Immunity Debugger's interfaces include the GUI and a command line. The command line is always available at the bottom of the GUI. It allows the user to type shortcuts as if they were in a typical text-based debugger, such as WinDBG or GDB. Immunity has implemented aliases to ensure that your WinDBG users do not have to be retrained and will get the full productivity boost that comes from the best debugger interface on the market.
Features :
1)  A debugger with functionality designed specifically for the security industry
2) Cuts exploit development time by 50%
3) Simple, understandable interfaces
4) Robust and powerful scripting language for automating intelligent debugging
5) Lightweight and fast debugging to prevent corruption during complex analysis
6) Connectivity to fuzzers and exploit development tools
7) The Python API ("Immlib/Lib reference" for full documentation)
8) A full Python based graphing library
9) Full debugger and GUI API access
10) A flurry of cool example scripts such as:
- !heap         A fully working heap dumping script (try the -d option!)
- !searchheap   Searching the heap
- !hippie       Trampoline hooks on RtlAllocateheap/RtlFreeHeap
- !modptr       Dynamic search for function pointers in pages
- !findantidep  Find address to bypass software DEP
Interface: Commands can be extended in Python as well, or run from the menu-bar. Python commands can also be run directly from our Command Bar. Users can go back to previously entered commands, or just click in the dropdown menu and see all the recently used commands.
Remote command bar : From the command line menu, you can choose to start a threaded command line server. so you can debug remotely from another computer.
Built in Graphing
Another Immunity Debugger feature is the capability of creating function graphs. Our Python VCG library will create a window inside Immunity Debugger at the click of a button to graph your selected function. No third party software is required.
Immunity Debugger is light
Immunity Debugger strives to absorb as few resources on the system as possible. Being too CPU-heavy will cause heap overflows and other complex vulnerabilities to behave differently than they would under normal load. Likewise, fuzzing and other vulnerability analysis is only possible when the debugger is not causing undue system strain.
Immunity Debugger exposes the information you need
Most debuggers offer only one method to allow you to attach to a process of interest - the pid and the process name. Immunity Debugger offers the pid, process name, services within that process, TCP/UDP ports listened to by that process, complete binary name, and window name.
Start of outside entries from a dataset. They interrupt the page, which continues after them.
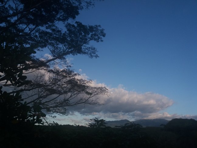 O como este aguamarina en el horizonte iluminado y este cobalto sobre las nubes, en dirección al Cerro Turrubares, hacia el oriente, al avanzar la tarde.
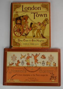 Herrick's Content - His Grange & His Book of Littles with Verses by Robert Herrick & Illustrated by Ellen Houghton published Marcus Ward (c.1884) illustrated in full colour in cloth backed pictorial boards WITH copy of London Town by Thomas Crane & Ellen Houghton published Marcus Ward (c.1881) cloth backed colour boards (piece cut from endpaper) (2)
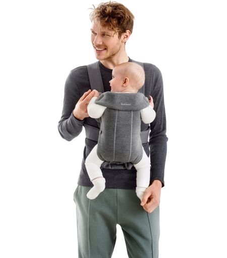 Klein, einfach, weich - die Babytrage Mini von BabyBjörn ist perfekt für die ersten Monate mit Deinem Baby. Du trägst Dein Kleines hoch an der Brust, sodass es immer Deinen Herzschlag spüren kann – ideal für Neugeborene mit ihrem großen Nähebedürfnis. Gleichzeitig hast Du alle Hände frei für die Herausforderungen des Alltags. Altersempfehlung: ab Geburt (mind. 53 cm) bis ca. 1 Jahr Belastbarkeit: 3,2-11 kg Trageweisen: Bauchtrage mit Blickrichtung zum Tragenden oder mit Blickrichtung nach vorne (ab 5 Monaten) Verschluss: verstellbare Schnallen Gewicht: 510 g Ausstattung: stufenlos einstellbare Größe und Kopfstütze, abnehmbares Vorderteil Material: anschmiegsamer 3D Jersey, maschinenwaschbar Sicherheit und Komfort Die Babytrage ist ab der Geburt verwendbar (Mindestgewicht 3,2 kg). Das Vorderteil ist komplett öffenbar, sodass Du Dein Baby leicht hineinlegen kannst. Die weichen Materialien schmiegen sich an Rücken, Beine und Hüfte an; gleichzeitigen stützen sie zuverlässig. Durch den Stoff kannst Du die Position Deines Kindes sowie die natürliche C-Kurve des Rückens spüren. Die verstellbare wie stabile Kopfstütze ist in den ersten fünf Monaten von großer Wichtigkeit: Sie stützt Kopf und Nacken, bis Dein Kind sein Köpfchen selbst halten kann. Für Babys zwischen 3,2 und 4,5 Kilogramm nutzt Du die Beinschlaufen, um die Beinöffnungen zu verkleinern. Praktisch: Wird sie nicht gebraucht, lässt sich die Trage kompakt zusammenlegen. So passt sie kinderleicht in Wickeltasche oder Kinderwagenkorb. Trageweisen und Befestigung Bis zu einem Alter von fünf Monaten trägst Du Dein Kind mit dem Gesicht zu Dir. Danach kannst Du es auch gelegentlich mit Blick nach vorne tragen. Die Babytrage BabyBjörn Mini ist unkompliziert in der Handhabung. Sie hat nur wenige verstellbare Schnalle, sodass Du sie Tag und Nacht schnell anlegen kannst. Um Dein Baby hineinzulegen, kannst Du die Trage einfach öffnen und das gesamte Vorderteil abnehmen. Besonderheiten BabyBjörn Mini ist in drei Material-Varianten erhältlich: 3D Jersey, 3D Mesh und Cotton. Die Mesh- und Jersey-Babytragen sind aus innovativen 3D-Geweben hergestellt. Diese bestehen aus drei Lagen – Innen-, Außen- und Zwischenlage. Statt einer Füllung, durch die die Trage zu warm werden könnte, ist die Zwischenlage aus einem dünnen, einfaserigen Faden gefertigt. Die verleiht der Babytrage Stabilität – wie ein wattiertes Material – gleichzeitig ist eine gute Luftdurchströmung garantiert. So bleibt die Babytrage beim Tragen kühl und luftig. Der innovative 3D Jersey ist so weich wie Dein Lieblings-T-Shirt. Dabei ist das Material angenehm glatt sowie anschmiegsam und passt sich an Dein Baby an. 3D Mesh überzeugt mit seinem kühlen und luftigen Netzgewebe und einer weichen Innenseite. Das Gewebe ist besonders luftdurchlässig und trocknet nach dem Waschen schnell. Die Cotton-Variante ist aus BCI-zertifizierter Baumwolle hergestellt. Diese ist im Pobereich elastisch und durch Satinwebung weich und anschmiegsam.... ...
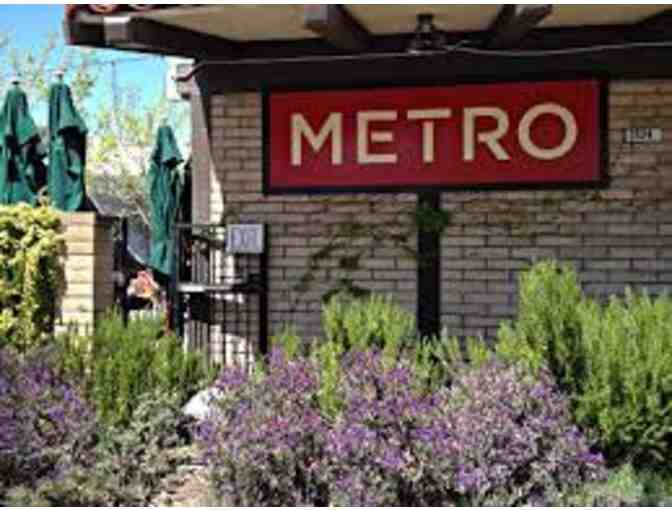 $50 gift card to Metro Lafayette! Merging urban sophistication with a relaxed suburban attitude, Metro is a stylish destination serving big city food. With the largest outdoor patio in the east bay, it's the perfect place for al fresco dining among mulberry trees, kitchen garden herbs, and trellised vines. Metro Lafayette is located at 3524 Mount Diablo Boulevard.

This allows quick and easy access to the exact process you wish to analyze.
Python Scripting : Python scripts can be loaded and modified during runtime. The included Python interpreter will load any changes to your custom scripts on the fly. Sample scripts are included, as is full documentation on how to create your own. Immunity Debugger's Python API includes many useful utilities and functions. Your scripts can be as integrated into the debugger as the native code. This means your code can create custom tables, graphs, and interfaces of all sorts that remain within the Immunity Debugger user experience. For example, when the Immunity SafeSEH script runs, it outputs the results into a table within the Immunity Debugger window. Other scripts can ask for user input with dialogs and combo boxes.Having a fully integrated Python scripting engine means you can easily paint variable sizes and track variable usage, which in turn comes in handy when trying to automatically find bugs!
Python Hooks
Often you will want to run a Python script on certain program events, for example when a breakpoint is hit or an exception is caused. Immunity Debugger hook support includes many debugger events, and more are added with every release.

Python Hooks : Often you will want to run a Python script on certain program events, for example when a breakpoint is hit or an exception is caused. Immunity Debugger hook support includes many debugger events, and more are added with every release.
Immunity Debugger ships with 13 different flavors of hooks, each of which you can implement as either a standalone script or inside a PyCommand at runtime. The following hook types can be used:
BpHook/LogBpHook : When a breakpoint is encountered, these types of hooks can be called. Both hook types behave the same way, except that when a BpHook is encountered it actually stops debuggee execution, whereas the LogBpHook continues execution after the hook is hit.
AllExceptHookAny exception that occurs in the process will trigger the execution of this hook type.
PostAnalysisHook : After the debugger has finished analyzing a loaded module, this hook type is triggered. This can be useful if you have some static-analysis tasks you want to occur automatically once the analysis is finished. It is important to note that a module (including the primary executable) needs to be analyzed before you can decode functions and basic blocks using immlib.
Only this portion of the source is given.